Lillehei Heart Institute, Department of Medicine, University of Minnesota, 4-128 CCRB, 2231 6th St. SE, Minneapolis, MN, 55455, USA.
Cell Mol Life Sci. 2022 Jul 8;79(8):406. doi: 10.1007/s00018-022-04434-8.
Muscular dystrophy encompasses a large number of heterogeneous genetic disorders characterized by progressive and devastating muscle wasting. Cell-based replacement strategies aimed at promoting skeletal muscle regeneration represent a candidate therapeutic approach to treat muscular dystrophies. Due to the difficulties of obtaining large numbers of stem cells from a muscle biopsy as well as expanding these in vitro, pluripotent stem cells (PSCs) represent an attractive cell source for the generation of myogenic progenitors, given that PSCs can repeatedly produce large amounts of lineage-specific tissue, representing an unlimited source of cells for therapy. In this review, we focus on the progress to date on different methods for the generation of human PSC-derived myogenic progenitor cells, their regenerative capabilities upon transplantation, their potential for allogeneic and autologous transplantation, as well as the specific challenges to be considered for future therapeutic applications.

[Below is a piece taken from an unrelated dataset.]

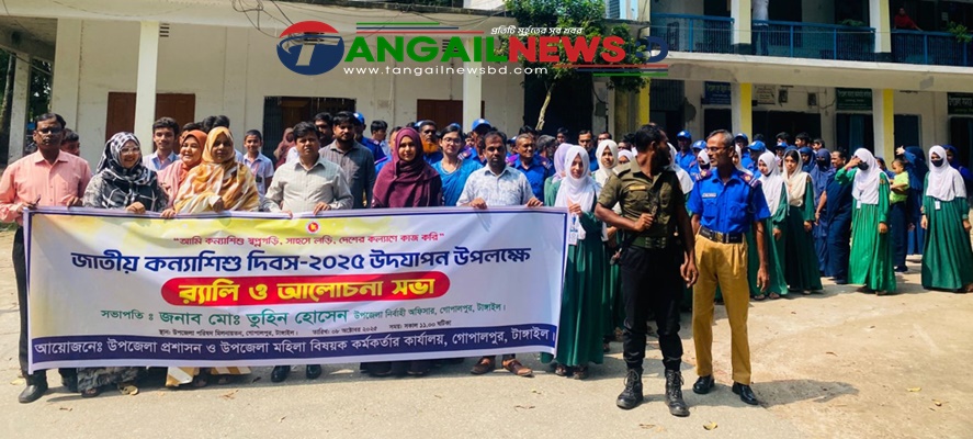 “আমি কন্যা শিশু স্বপ্ন গড়ি, সাহসে লড়ি, দেশের কল্যাণে কাজ করি” এই প্রতিপাদ্যকে সামনে রেখে টাঙ্গাইলের গোপালপুরে জাতীয় কন্যাশিশু দিবস উদযাপন করা হয়েছে। বুধবার (৮ অক্টোবর) সকালে গোপালপুর উপজেলা প্রশাসন ও মহিলা বিষয়ক কর্মকর্তার কার্যালয়ের উদ্যোগে একটি বর্ণাঢ্য র‌্যালি বের করা হয়। র‌্যালিটি উপজেলা চত্বর প্রদক্ষিণ করে উপজেলা পরিষদ মিলনায়তনে এসে আলোচনা সভায় মিলিত হয়।

肌肉萎缩症包括许多异质性的遗传疾病,其特征是进行性和破坏性的肌肉萎缩。基于细胞的替代策略旨在促进骨骼肌再生,这是治疗肌肉萎缩症的一种候选治疗方法。由于从肌肉活检中获得大量干细胞以及在体外扩增这些干细胞的困难,多能干细胞(PSCs)代表了一种有吸引力的细胞来源,可用于生成肌源性祖细胞,因为 PSCs 可以反复产生大量的谱系特异性组织,为治疗提供了无限的细胞来源。在这篇综述中,我们重点介绍了迄今为止在生成人 PSC 衍生的肌源性祖细胞的不同方法方面的进展,它们在移植后的再生能力,同种异体和自体移植的潜力,以及未来治疗应用中需要考虑的具体挑战。